- WORK TASK
Take the lines from the beginning of the material through the line containing "Hiện nay, phẫu" and retype them exactly, leaving the pictures out.

- - - -

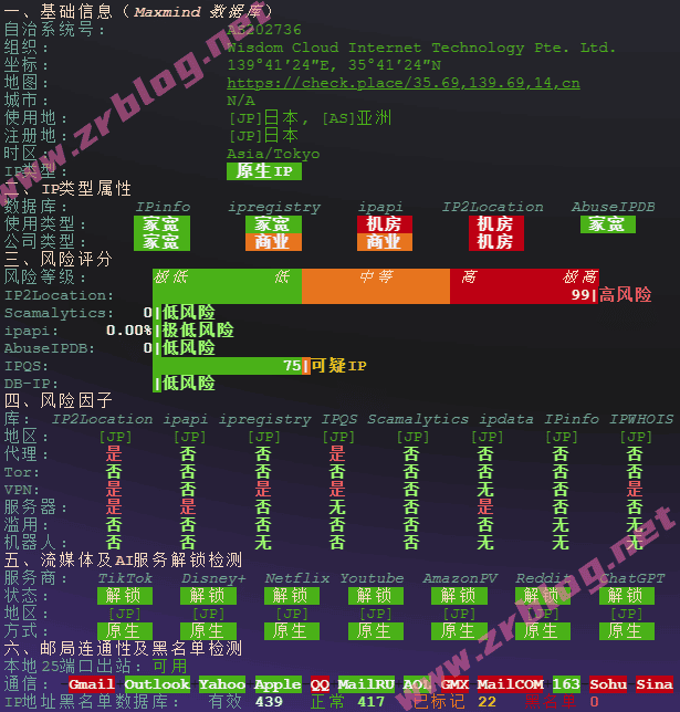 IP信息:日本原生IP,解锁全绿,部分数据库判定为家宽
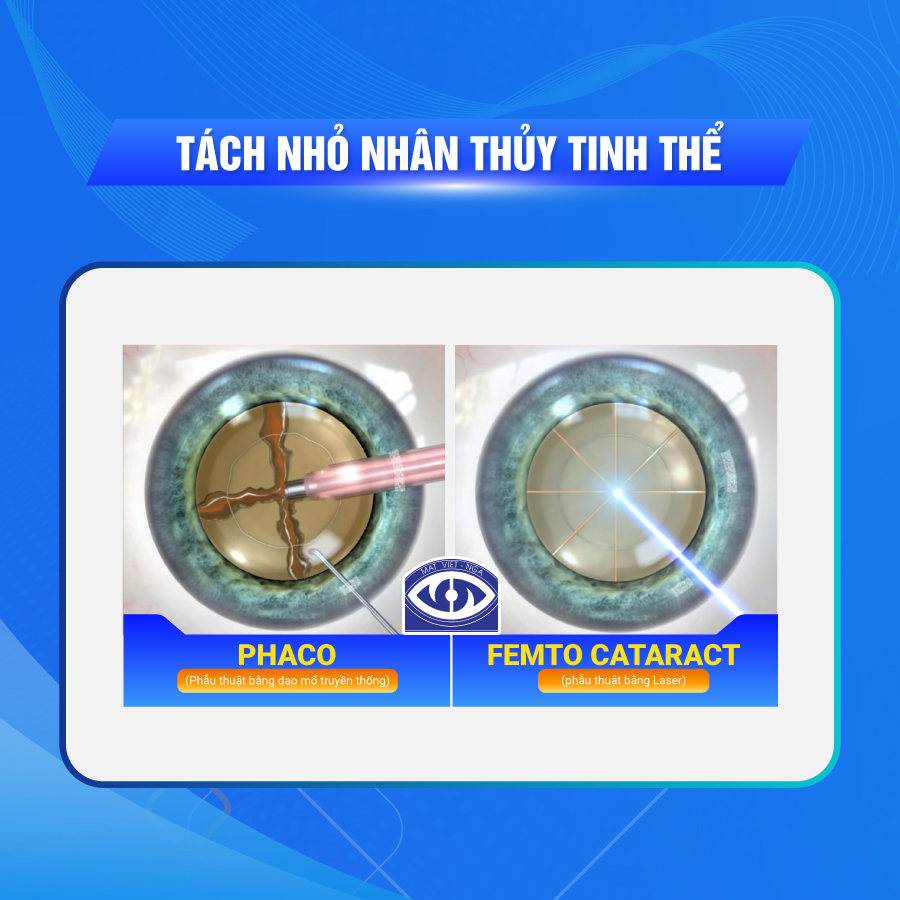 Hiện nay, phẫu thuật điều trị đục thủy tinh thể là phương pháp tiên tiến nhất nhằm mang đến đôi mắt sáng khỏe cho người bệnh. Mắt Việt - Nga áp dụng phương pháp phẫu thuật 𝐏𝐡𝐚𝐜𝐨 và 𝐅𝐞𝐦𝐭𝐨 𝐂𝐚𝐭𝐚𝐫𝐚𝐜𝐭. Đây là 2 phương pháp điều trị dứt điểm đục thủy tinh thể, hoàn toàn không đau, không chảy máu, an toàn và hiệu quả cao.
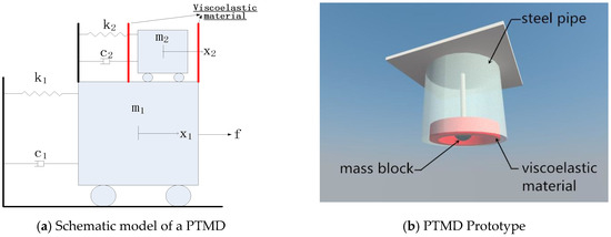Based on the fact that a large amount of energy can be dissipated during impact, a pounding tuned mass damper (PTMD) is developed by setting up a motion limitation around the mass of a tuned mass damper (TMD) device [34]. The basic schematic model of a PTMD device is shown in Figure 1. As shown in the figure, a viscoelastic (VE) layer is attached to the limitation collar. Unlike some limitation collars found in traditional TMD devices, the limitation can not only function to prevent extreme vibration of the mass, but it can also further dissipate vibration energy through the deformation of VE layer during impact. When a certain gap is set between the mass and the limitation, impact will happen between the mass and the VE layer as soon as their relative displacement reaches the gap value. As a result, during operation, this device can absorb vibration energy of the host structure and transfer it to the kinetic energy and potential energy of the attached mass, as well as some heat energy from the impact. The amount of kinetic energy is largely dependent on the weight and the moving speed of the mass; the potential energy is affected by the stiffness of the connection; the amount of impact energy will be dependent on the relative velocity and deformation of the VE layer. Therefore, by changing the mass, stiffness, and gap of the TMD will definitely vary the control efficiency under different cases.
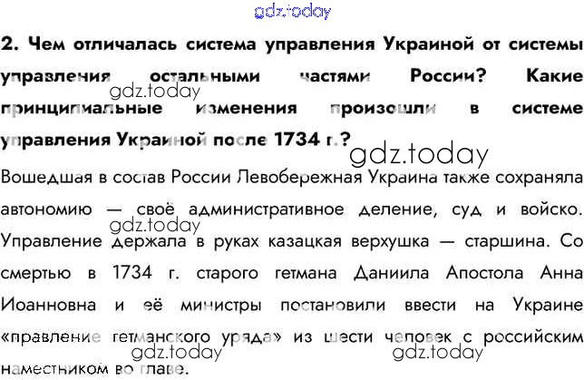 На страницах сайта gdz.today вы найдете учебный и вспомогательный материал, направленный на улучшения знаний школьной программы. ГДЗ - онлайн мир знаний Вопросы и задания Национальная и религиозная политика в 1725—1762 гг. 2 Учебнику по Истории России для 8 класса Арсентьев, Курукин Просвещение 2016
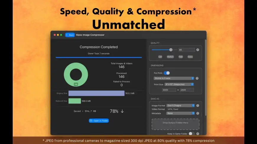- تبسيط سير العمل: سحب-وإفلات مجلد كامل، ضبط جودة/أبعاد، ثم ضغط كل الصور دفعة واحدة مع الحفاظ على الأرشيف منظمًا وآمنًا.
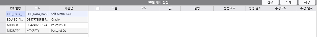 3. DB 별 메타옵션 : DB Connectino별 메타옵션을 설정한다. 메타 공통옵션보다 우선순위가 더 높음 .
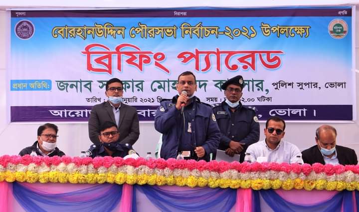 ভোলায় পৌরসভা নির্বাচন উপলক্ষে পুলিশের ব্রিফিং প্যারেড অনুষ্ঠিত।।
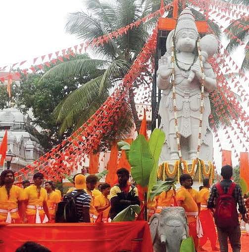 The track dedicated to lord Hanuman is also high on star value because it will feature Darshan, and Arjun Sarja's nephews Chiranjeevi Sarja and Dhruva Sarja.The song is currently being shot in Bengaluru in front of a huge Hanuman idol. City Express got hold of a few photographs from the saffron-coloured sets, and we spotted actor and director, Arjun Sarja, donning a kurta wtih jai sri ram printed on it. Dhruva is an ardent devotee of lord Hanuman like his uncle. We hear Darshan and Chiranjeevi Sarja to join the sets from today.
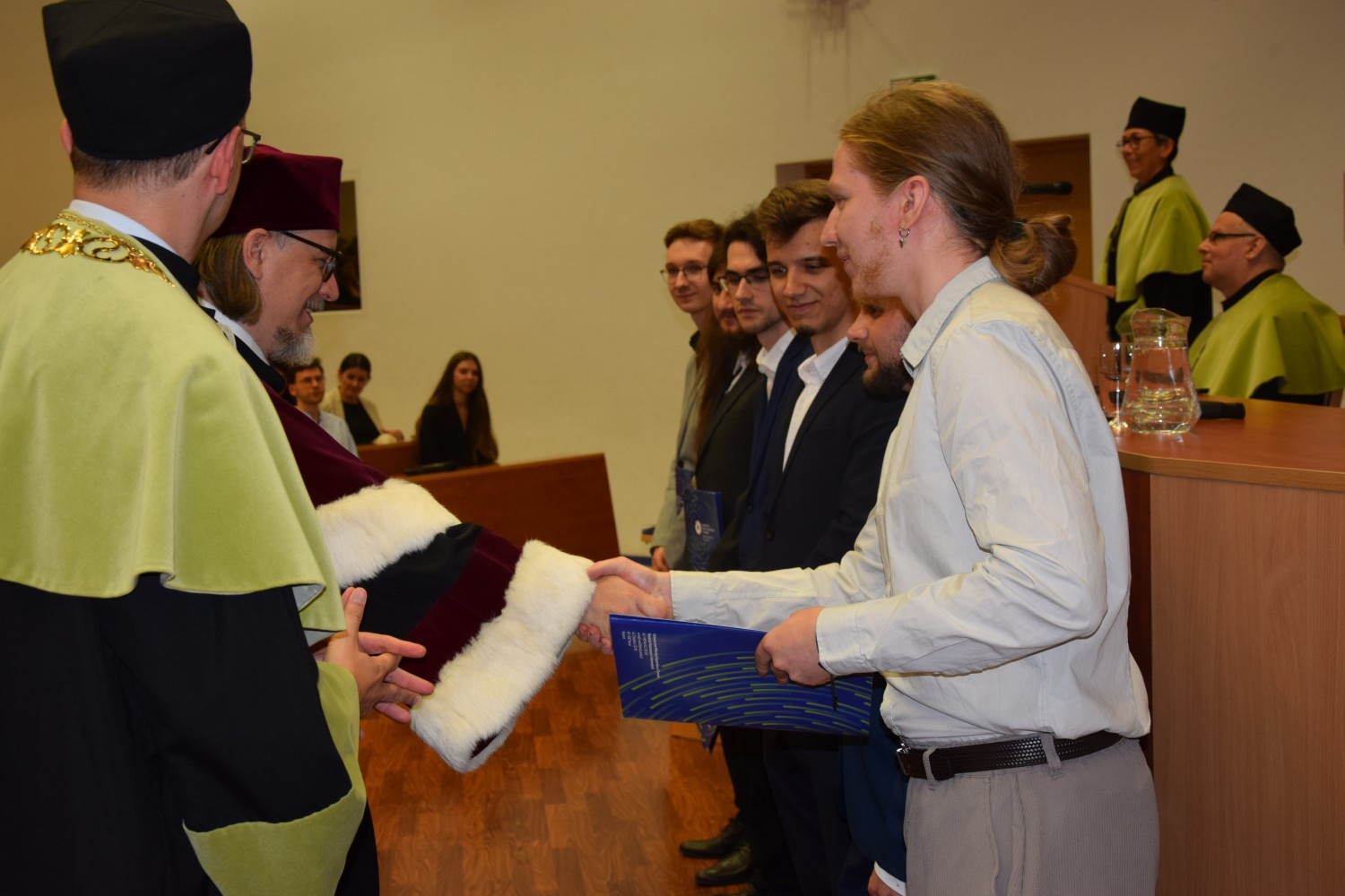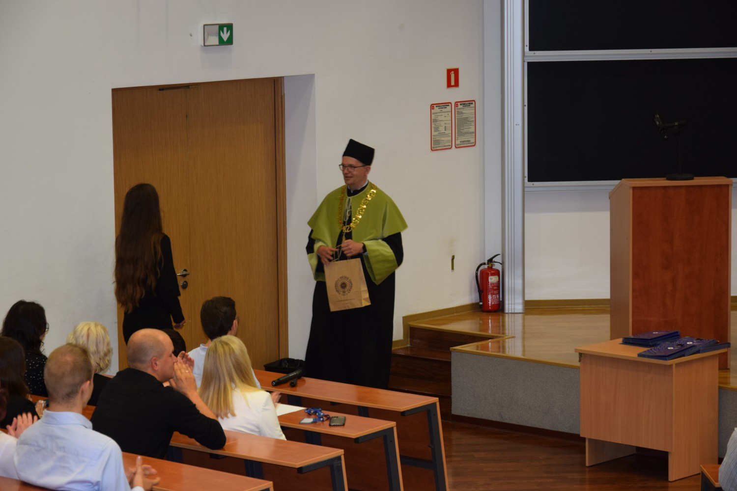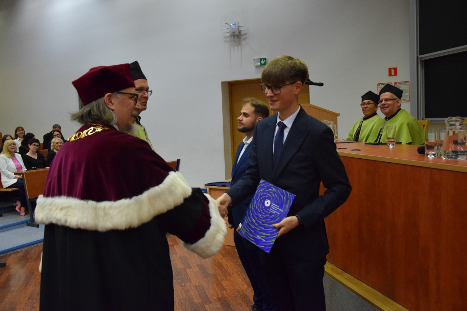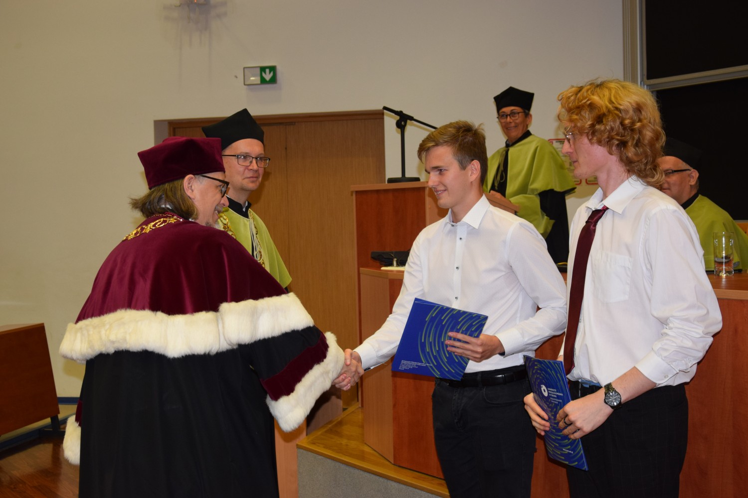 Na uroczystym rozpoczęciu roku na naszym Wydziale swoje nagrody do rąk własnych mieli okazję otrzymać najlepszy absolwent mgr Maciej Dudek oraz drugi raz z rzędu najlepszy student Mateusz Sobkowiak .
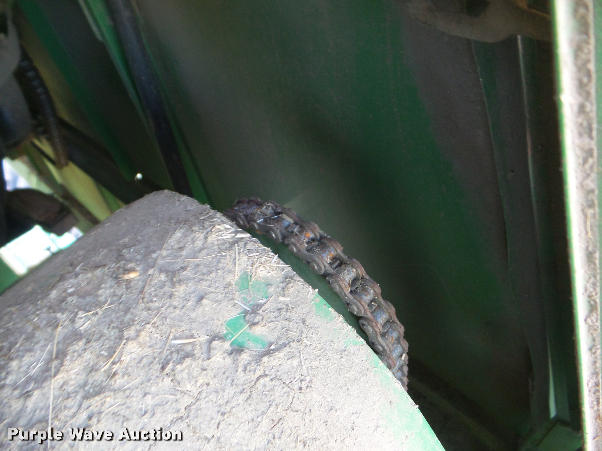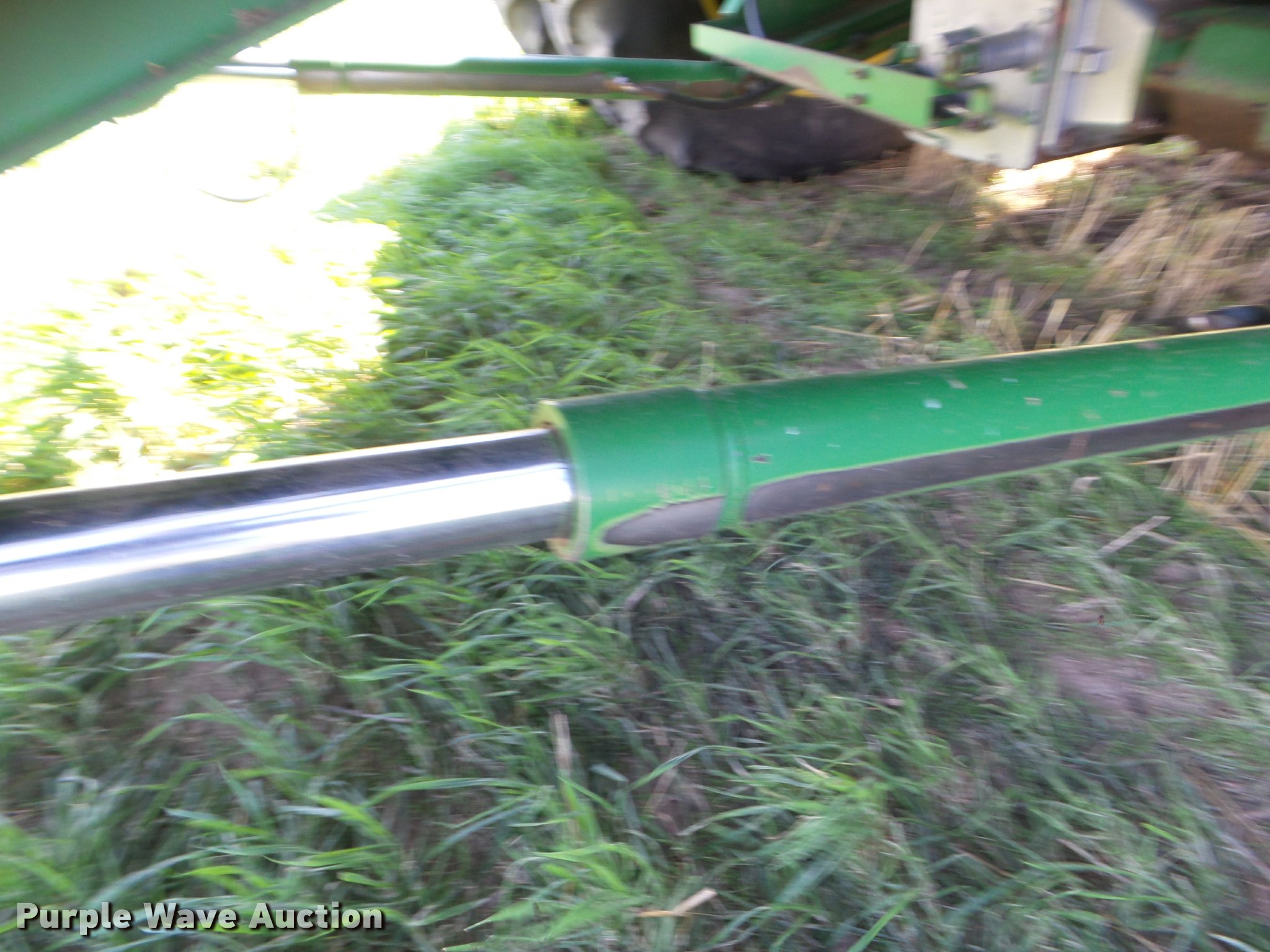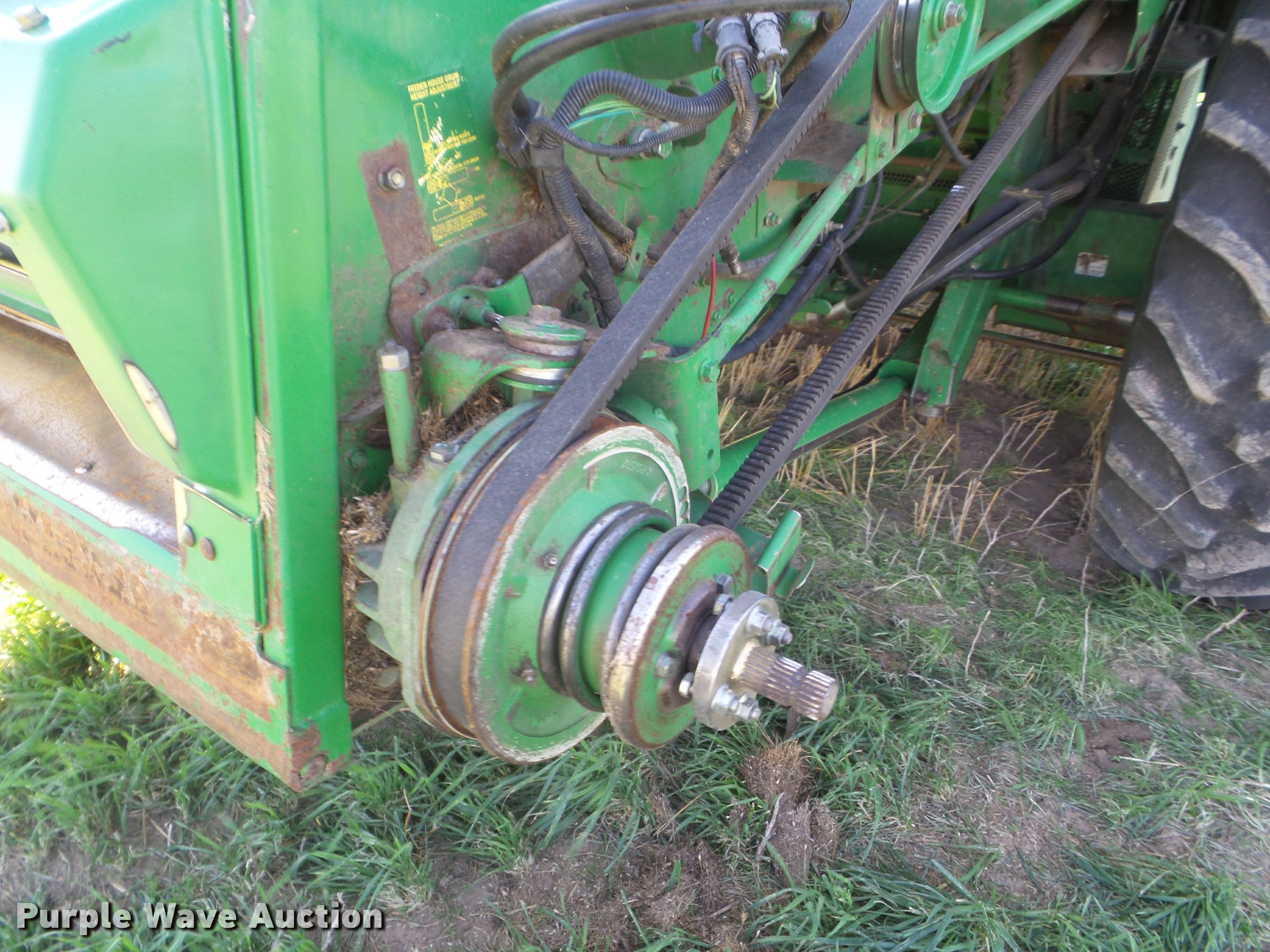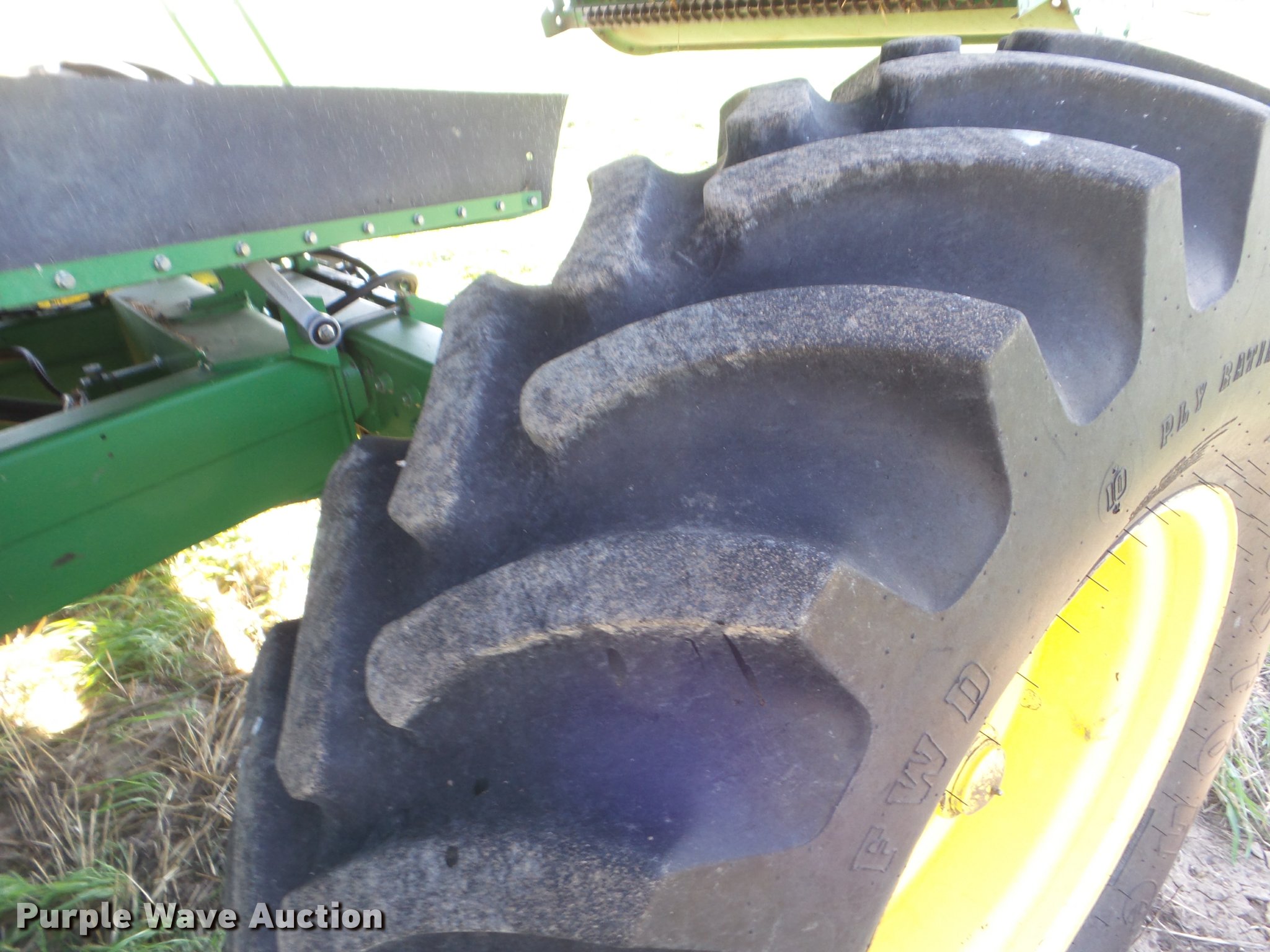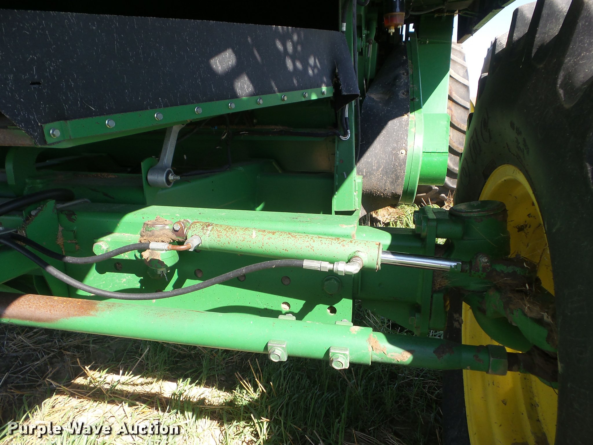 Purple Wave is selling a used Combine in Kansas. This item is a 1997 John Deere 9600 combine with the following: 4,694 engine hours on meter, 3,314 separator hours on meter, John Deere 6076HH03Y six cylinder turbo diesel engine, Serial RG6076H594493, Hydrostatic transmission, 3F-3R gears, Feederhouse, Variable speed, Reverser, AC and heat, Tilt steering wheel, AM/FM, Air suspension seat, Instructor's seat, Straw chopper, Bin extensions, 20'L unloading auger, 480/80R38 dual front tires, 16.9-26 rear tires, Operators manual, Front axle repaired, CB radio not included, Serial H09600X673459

- - - -

- RESPONSE TO THE TASK
 IP信息:日本原生IP,解锁全绿,部分数据库判定为家宽
 Hiện nay, phẫu thuật điều trị đục thủy tinh thể là phương pháp tiên tiến nhất nhằm mang đến đôi mắt sáng khỏe cho người bệnh. Mắt Việt - Nga áp dụng phương pháp phẫu thuật 𝐏𝐡𝐚𝐜𝐨 và 𝐅𝐞𝐦𝐭𝐨 𝐂𝐚𝐭𝐚𝐫𝐚𝐜𝐭. Đây là 2 phương pháp điều trị dứt điểm đục thủy tinh thể, hoàn toàn không đau, không chảy máu, an toàn và hiệu quả cao.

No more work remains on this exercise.